More info is needed to know if this dog has separation anxiety, but I suspect she has separation issues to some level. If you'd like, we can correspond privately and I can ask you questions and give you information, or you can join my Training & Behaviour facebook page. I would definitely advise crate-training (crate TRAINING, not suddenly putting an untrained dog in a crate all day). Many people start off slow, like 10 minutes, then 30, then an hour, then 2...etc...you want to start off with SECONDS, then move up to 5 seconds over time, then 10, then 20, 30, a min, 2 min, 5 min, 7 min, 10 min, 15 min. Fifteen minutes is an end goal, not a starting point. Think about coddled toddlers whose parents leave them at daycare for the first time. They hit panic in about 3 seconds. They're full blown freaking at a minute. They're not ok up until half an hour after Mommy leaves. You want to avoid the dog ever hitting that place. If you get to the 15 minute mark you're pretty much home free. The worst has come and gone in the first 15 min.

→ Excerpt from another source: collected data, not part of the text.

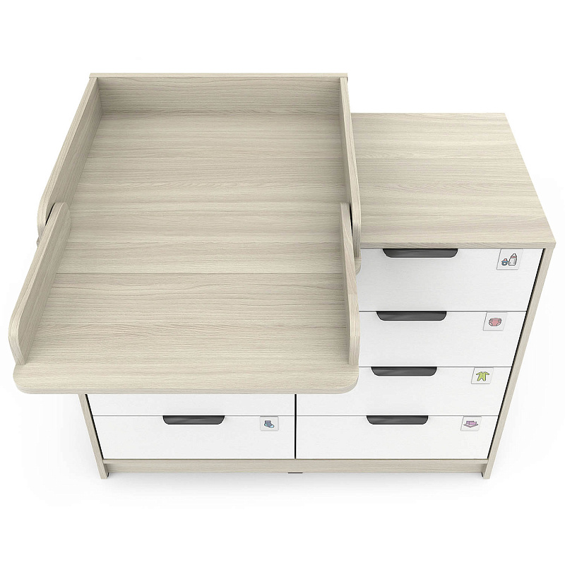 Пеленальный столик съемный, легко устанавливается и убирается без следов на столешнице: в этом помогают металлические втулки, которые надежно фиксируют его на заднем торце. Пеленальная доска устанавливается в трех разных местах: слева, справа и по центру.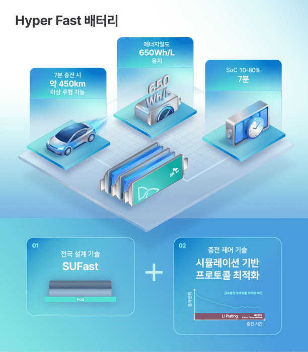Hyper Fast 배터리는 7분 충전으로 약 450km 이상 주행이 가능하다. 이는 서울에서 부산까지 이동 가능한 수준이다. 내연기관차의 주유 시간과 유사한 3분 충전만으로도 약 200km를 추가 주행할 수 있다. 일반적으로 에너지 밀도가 높을수록 주행거리가 늘어나지만, 앞서 설명한 것처럼 고에너지 밀도화는 급속충전 환경에서 음극 저항 증가와 수명 저하를 동반할 수 있다. 그럼에도 SK온이 에너지 밀도 650Wh/L를 유지하면서 충전 속도를 높인 배경에는 SUFast(SUper-Fast)시뮬레이션 기반 프로토콜 최적화라는 두 기술의 결합이 있다.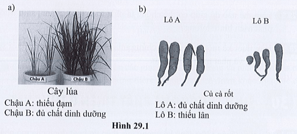 Bài 29.3 trang 63 sách bài tập KHTN 7: Quan sát hình 29.1, nêu vai trò của chất dinh dưỡng đối với từng loài cây. Từ đó rút ra vai trò của chất dinh dưỡng đối với sự sinh trưởng và phát triển của thực vật.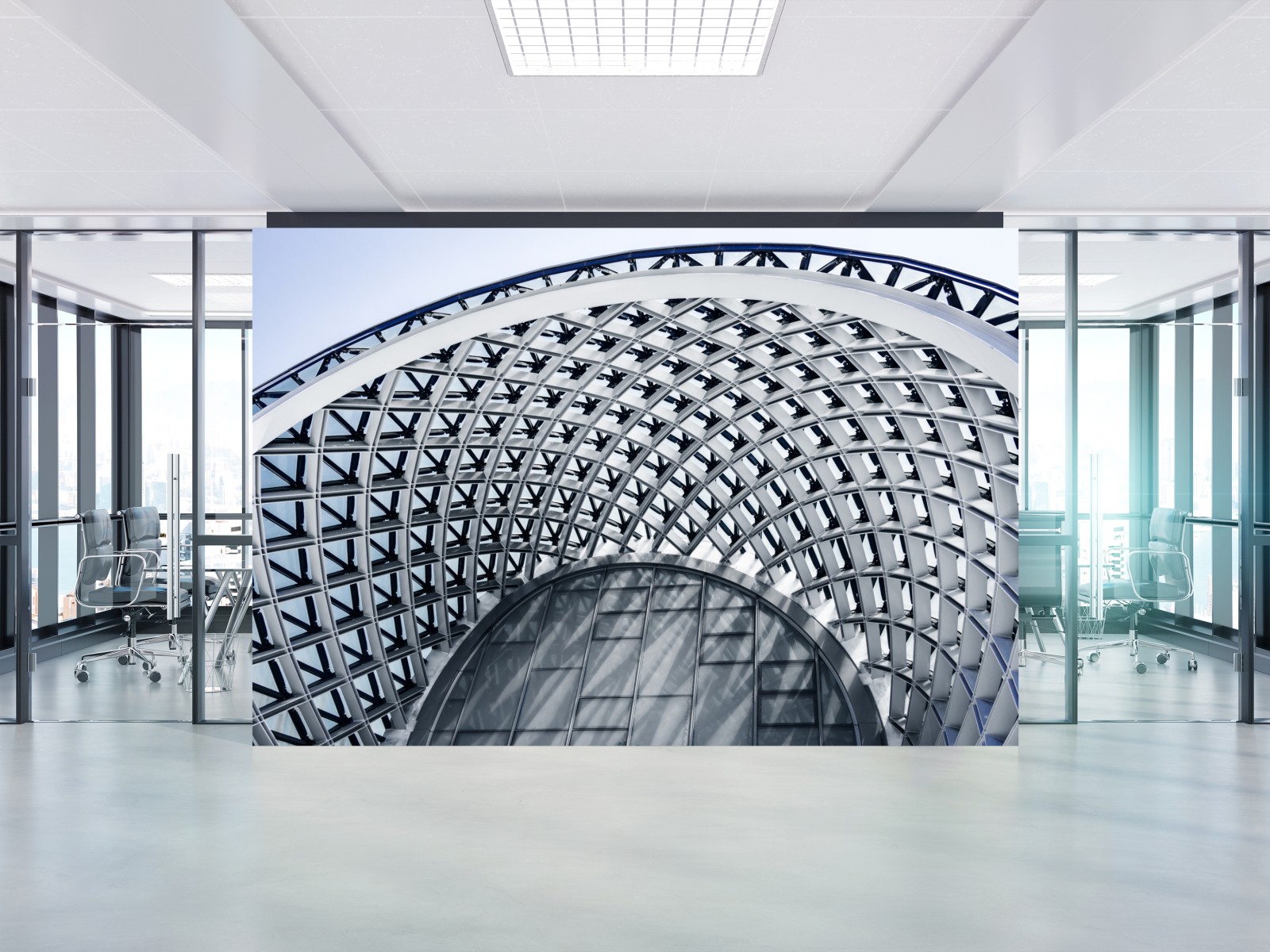 Dodaj nowoczesny akcent do wnętrza dzięki efektownej grafice geometrycznej architektury łączącej czyste linie i dynamiczne krzywizny.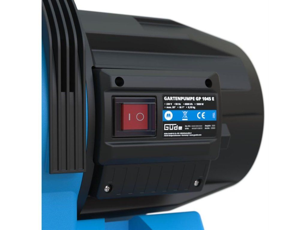 Zahradní čerpadlo užitkové vody, za účelem zavlažování, zalévání, přečerpávání. Výkon 1.000 W, max. výtlačná výška 45 m, max. průtok 4.500 l/hod. Rozměr 375 x 220 x 235 mm, váha 8,15 kg.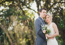 From Bride Jules: Natural and relaxed we were inspired by our local countryside and the stunning woodland and views of St Martha’s – somewhere we like to go walking. The theme was woodland…Flowers were done by my good friend Ellen with help from one of my bridesmaids. Green and white with ivy and ferns and the church was decorated with draping ivy and church candles.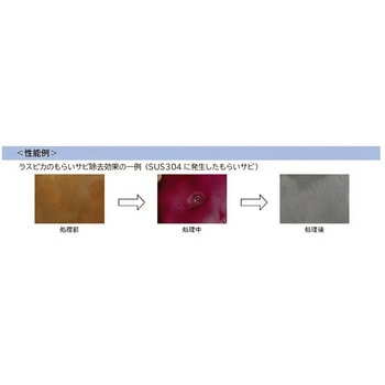 ニオイが気になりますが、水没箇所のステンレス製品のもらい錆び箇所に吹き付けたら、10分足らずで最初紫色に反応し、その後拭き取ったらきれいに取れました。完全防護(ゴム手、保護メガネ)にて作業されると良いでしょう。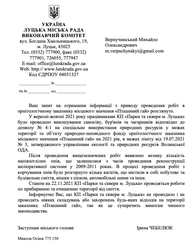 Луцька міська рада надіслала відповідь на запит луцького активіста Михайла Верпучинського щодо закопаного в орнітологічному заказнику «Пташиний гай» будівельного сміття.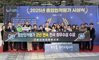 용산농협(조합장 박철환)은 지난 3월10일 농협중앙회 본부 대강당에서 열린 ‘2025년 종합업적평가 최우수 농·축협 시상식’에서 종합업적평가 최우수상 수상과 클린뱅크 금 등급을 수상하는 영예를 안았다.이로써 지난해에 이어 올해까지 2년 연속 종합업적평가 최우수상과 클린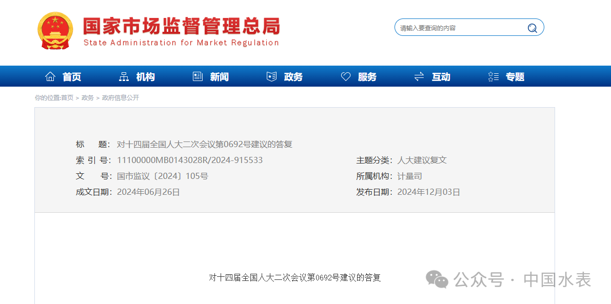 人大代表建議水表檢定“二檢合一” 市場監管總局回復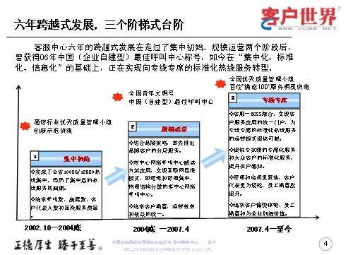 六年的跨越式發(fā)展,走過了集中初始,規(guī)模運(yùn)營兩個(gè)階段。曾經(jīng)獲得也是今天主辦方的06年中國(企業(yè)自建型)最佳呼叫中心稱號(hào)。如今在集中化、標(biāo)準(zhǔn)化、信息化的基礎(chǔ)上,正在向?qū)>專席標(biāo)準(zhǔn)化的熱線服務(wù)轉(zhuǎn)型。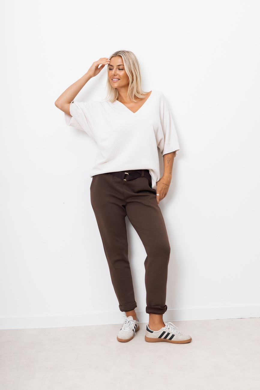 Sweter dekolt V ściągacz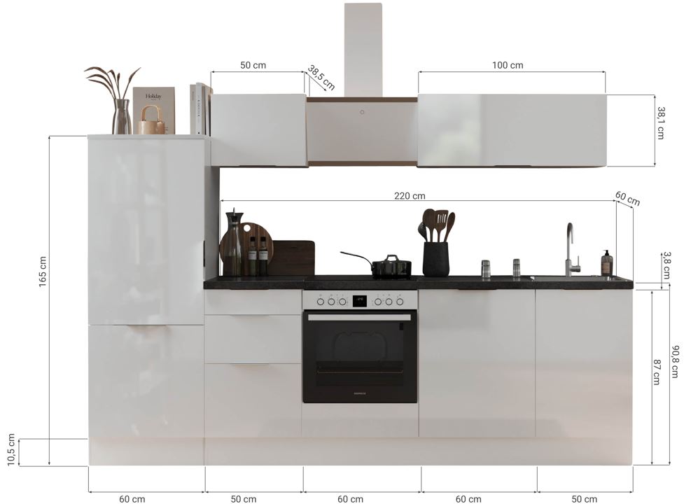 Mit der hochwertigen Küchenzeile "Elisabeth" der Marke Respekta Selection erhält Ihre Küche eine komplette Einrichtung. Sie ist vormontiert und dadurch besonders aufbau- und montagefreundlich. Die E-Geräte sind enthalten. Sie können die Küche in verschiedenen Farbkombinationen erhalten. Optisch punktet die Einbauküche durch ihr modernes Erscheinungsbild. Die Ausstattung ist hochwertig. Die Scharniere und Auszüge sind mit einschaltbarer Dämpfung, Schubkästen und Auszüge mit Vollauszug und 8 mm Glaseinlegeböden bei Hängeschränken sind nur einige davon. Die Küche ist "Made in Germany".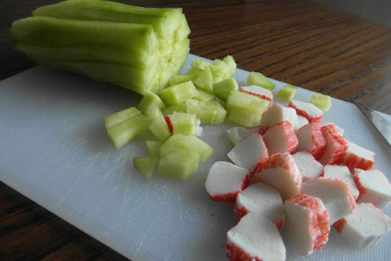 Крабовые палочки очистите и нарежьте их кубиками среднего размера. Огурец промойте, снимите с него шкурку, а после нарежьте овощ кубиками.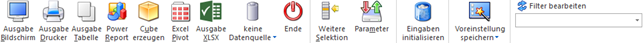 Der Button "Datenquelle verwenden" wird nur angeboten, wenn für diesen Bereich (bezogen auf den aktuellen Benutzer / Mandanten) zumindest eine private oder öffentliche Datenquelle existiert. Des Weiteren stehen die Ausgabevarianten "Ausgabe Bildschirm", "Ausgabe Drucker" und "Ausgabe Tabelle" nicht zur Verfügung.

Never ever correct a dog's symptoms of anxiety. The dog is barking, fussing, etc because they are feeling anxious. Correcting (punishing) them for this increases their anxiety, that's the last thing you want. You may or may not get a suppression of the behaviour, but you are mixing up a little mind that needs to be straightened out, not messed up more. Instead of punishing the expression of anxiety, instead, work at relieving the anxiety. Give the dog all kinds of interesting things to do when you leave. Not food; something to eat is gone quickly. Not toys; what are you going to do with a tennis ball by yourself in a crate. A kong with peanut butter inside, a treat ball, a raw marrow bone - something to DO. They will work away for ages at those things. Make sure the dog is getting enough exercise.

Dogs sleep twice as much as we do, about 16 hours a day. You want to set things up nice and quiet for them when you're out, as most dogs sleep all day when we're not home. A quiet area of the house, not near windows, close the blinds, maybe some gentle patchouli reeds, some white noise (TV or radio low, or a fan). And something like a peanut butter kong to lull himself to sleep.